Un’idea che esiste solo nella tua testa, un sorriso di convenienza, una carezza rubata che brucia sulla pelle, più cattiva di uno schiaffo, occhi grandi che non brillano per te, mai, occhi dolci solo in apparenza che nemmeno una volta ti hanno guardata con amore, un bacio che sa di veleno, un tempo rubato sottratto all’onestà, una passione malata che ti scava soltanto un buco dentro e ti risucchia in una voragine di menzogne, di segreti malcelati, di bugie crudeli.
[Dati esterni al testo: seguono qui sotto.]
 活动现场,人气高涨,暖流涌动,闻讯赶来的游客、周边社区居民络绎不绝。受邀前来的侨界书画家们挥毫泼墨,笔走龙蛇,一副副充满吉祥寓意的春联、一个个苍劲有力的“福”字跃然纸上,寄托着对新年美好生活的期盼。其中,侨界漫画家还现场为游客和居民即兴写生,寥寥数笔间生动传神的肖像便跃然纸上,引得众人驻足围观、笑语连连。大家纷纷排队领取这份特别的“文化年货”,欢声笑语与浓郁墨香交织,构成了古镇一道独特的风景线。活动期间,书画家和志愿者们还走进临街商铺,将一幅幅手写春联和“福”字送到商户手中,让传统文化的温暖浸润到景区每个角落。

Quanto fa male l’indifferenza? Quella cattiva, quella autentica. Fatta, non di mancate parole e di atteggiamenti sdegnosi, ma di esibizione continua, di tacche su una stecca, interminabile e vergognosa quanto vuoi, ma reale.

Come fai a perdonarla?

Deve essere terribile adesso, soprattutto. Fare finta di niente, fingere spudoratamente che tutto vada assolutamente bene, autoconvincersi che le persone non cambino e che, in fondo, se ci piacciono da anni un motivo ci sarà, stamparsi sulla faccia un sorriso che sempre più somiglia ad un ghigno, sopportare gli sguardi di compassione o di derisione di coloro che sanno e nonostante tutto non riuscire a smetterla, non riappropriarsi della propria dignità e della propria integrità, andare avanti così, verso la distruzione perché tanto è sempre stato così e lo sarà sempre.  Per sempre.

Solo che il baratro non è mai stato così vicino. Mai.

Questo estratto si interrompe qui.